> [AIM OF THE TASK]:
Look below for the line with "Are you spending" and the line with "- 1990년 1월 14일 발행.(매주 목요일발매)". Copy exactly those two lines and every line between, but not the pictures.

> [EXERCISE MATERIALS]:
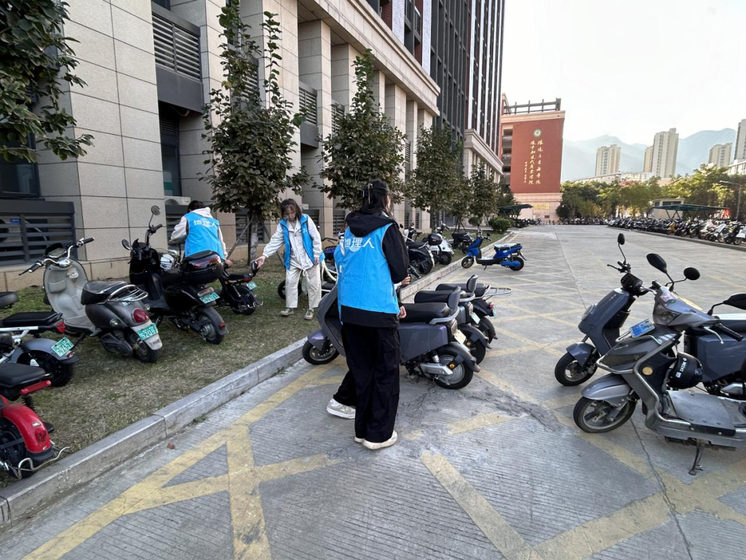 我院成立由院党委副书记为负责人、各年级辅导员带班、学生志愿者参与的学院电动车文明督导队。督导队每日在学院楼、学生宿舍楼、教学楼等场所开展电动车违规停车、不戴头盔骑行等不文明行为劝阻督导工作,坚持从源头上防范不文明骑行、不规范停车现象,确保消防通道畅通,降低校园交通事故发生概率。
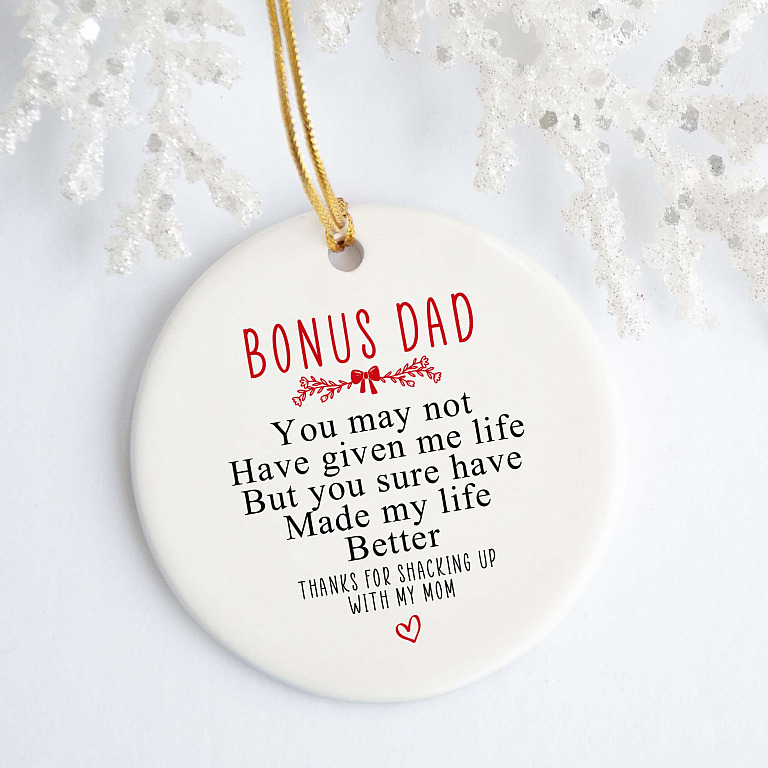 Are you spending too much time to find creative merchandise for you or suitable & special gifts for your mommy, your daddy, your son, your daughter, your children, your friends or someone you love? The struggle is over because we have various Bonus Dad Ornament, Bonus Dad Christmas Ornament, Bonus Dad Christmas Gifts, Bonus Dad Gifts from Daughter, Bonus Dad Gifts from Son, Bonus Dad Coffee Mug, Bonus Dad Shirts for Men, Bonus Dad and Daughter Gifts which will make perfect presents for your beloveds. In order to make your present stand out, we have created lots of unique and awesome customized photo gifts & personalized designs.
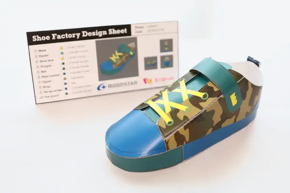「スニーカーデザインコンテスト」は、ムーンスターがオフィシャルスポンサーとして出展しているキッザニア東京・キッザニア福岡の『くつ工場』パビリオンで『くつデザイナー』の職業体験をした子どもたちの声から生まれたコンテストです。『くつ工場』パビリオンでは、『くつデザイナー』として、靴がたくさんのパーツからできていることや構造を学びます。その後タブレットを使ってパーツごとに色や模様を付け、自分だけのデザインを作り上げます。
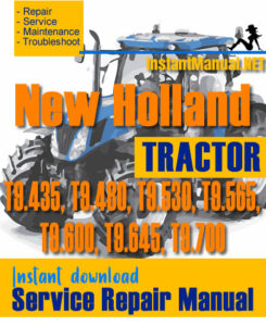 Instant download New Holland T9.435, T9.480, T9.530, T9.565, T9.600, T9.645, T9.700 Tractor service repair manual. This manual content all service, repair, maintenance, troubleshooting procedures for New Holland T9.435, T9.480, T9.530, T9.565, T9.600, T9.645, T9.700 Tractor.
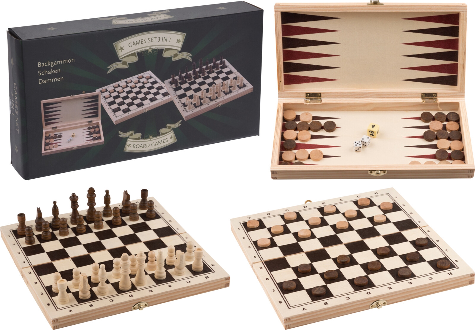 Houten speldoos 3 in 1 dammen schaken backgammon (ucl)
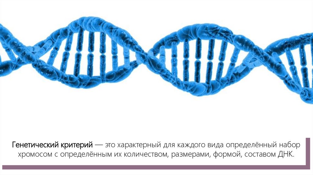 Генетический критерий — это характерный для каждого вида определённый наборхромосом с определённым их количеством, размерами, формой, составом ДНК.
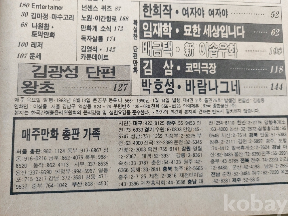 - 1990년 1월 14일 발행.(매주 목요일발매)
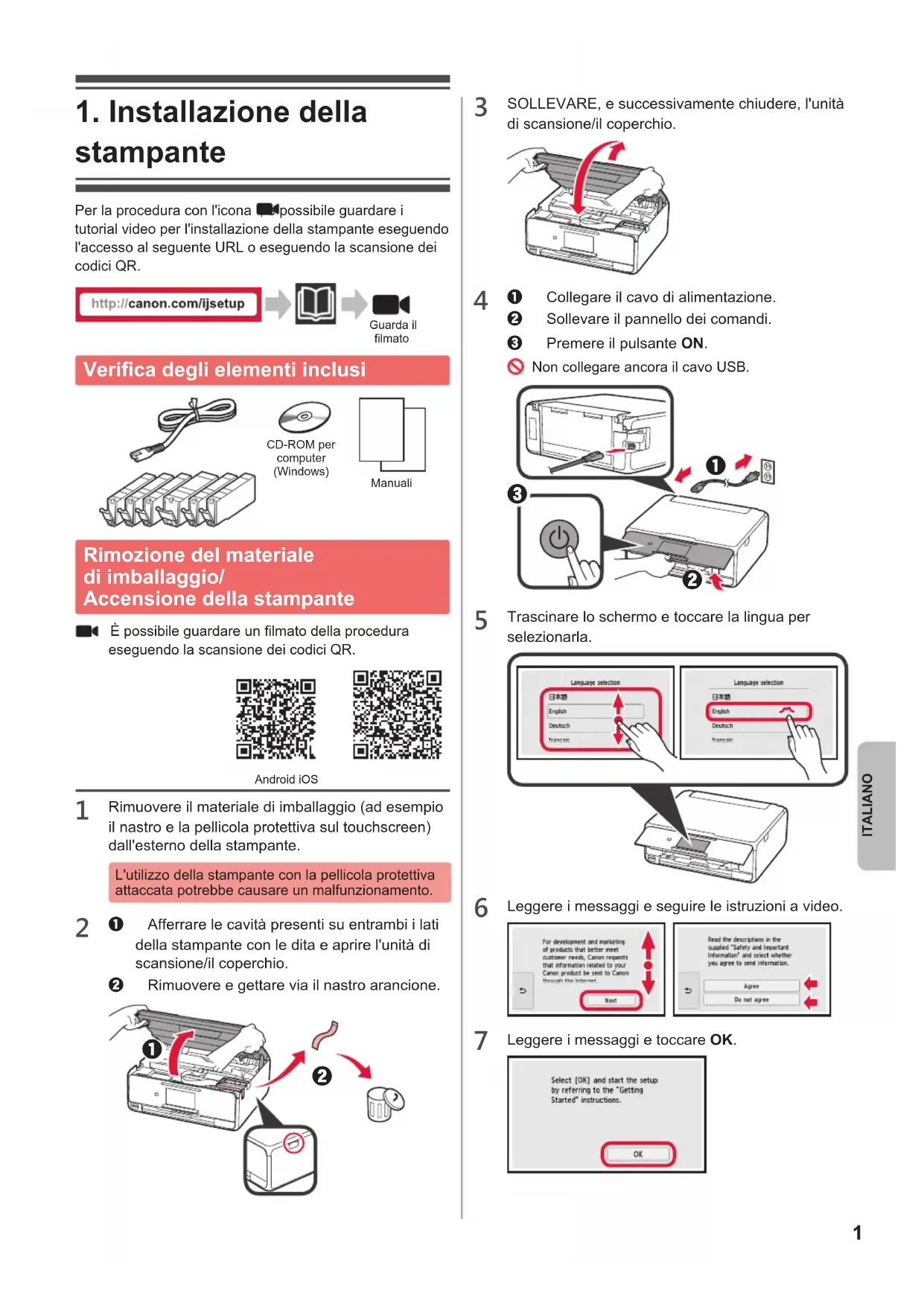 stampante Per la procedura con l'icona , è possibile guardare i tutorial video per l'installazione della stampante eseguendo l'accesso al seguente URL o eseguendo la scansione dei codici QR. Guarda il lmato Verica degli elementi inclusi CD-ROM per computer (Windows)Manuali Rimozione del materiale di imballaggio/ Accensione della stampante È possibile guardare un lmato della procedura eseguendo la scansione dei codici QR. Android iOS

> [RESULT OF THIS EXERCISE]:
 Are you spending too much time to find creative merchandise for you or suitable & special gifts for your mommy, your daddy, your son, your daughter, your children, your friends or someone you love? The struggle is over because we have various Bonus Dad Ornament, Bonus Dad Christmas Ornament, Bonus Dad Christmas Gifts, Bonus Dad Gifts from Daughter, Bonus Dad Gifts from Son, Bonus Dad Coffee Mug, Bonus Dad Shirts for Men, Bonus Dad and Daughter Gifts which will make perfect presents for your beloveds. In order to make your present stand out, we have created lots of unique and awesome customized photo gifts & personalized designs.
「スニーカーデザインコンテスト」は、ムーンスターがオフィシャルスポンサーとして出展しているキッザニア東京・キッザニア福岡の『くつ工場』パビリオンで『くつデザイナー』の職業体験をした子どもたちの声から生まれたコンテストです。『くつ工場』パビリオンでは、『くつデザイナー』として、靴がたくさんのパーツからできていることや構造を学びます。その後タブレットを使ってパーツごとに色や模様を付け、自分だけのデザインを作り上げます。
 Instant download New Holland T9.435, T9.480, T9.530, T9.565, T9.600, T9.645, T9.700 Tractor service repair manual. This manual content all service, repair, maintenance, troubleshooting procedures for New Holland T9.435, T9.480, T9.530, T9.565, T9.600, T9.645, T9.700 Tractor.
 Houten speldoos 3 in 1 dammen schaken backgammon (ucl)
 Генетический критерий — это характерный для каждого вида определённый наборхромосом с определённым их количеством, размерами, формой, составом ДНК.
 - 1990년 1월 14일 발행.(매주 목요일발매)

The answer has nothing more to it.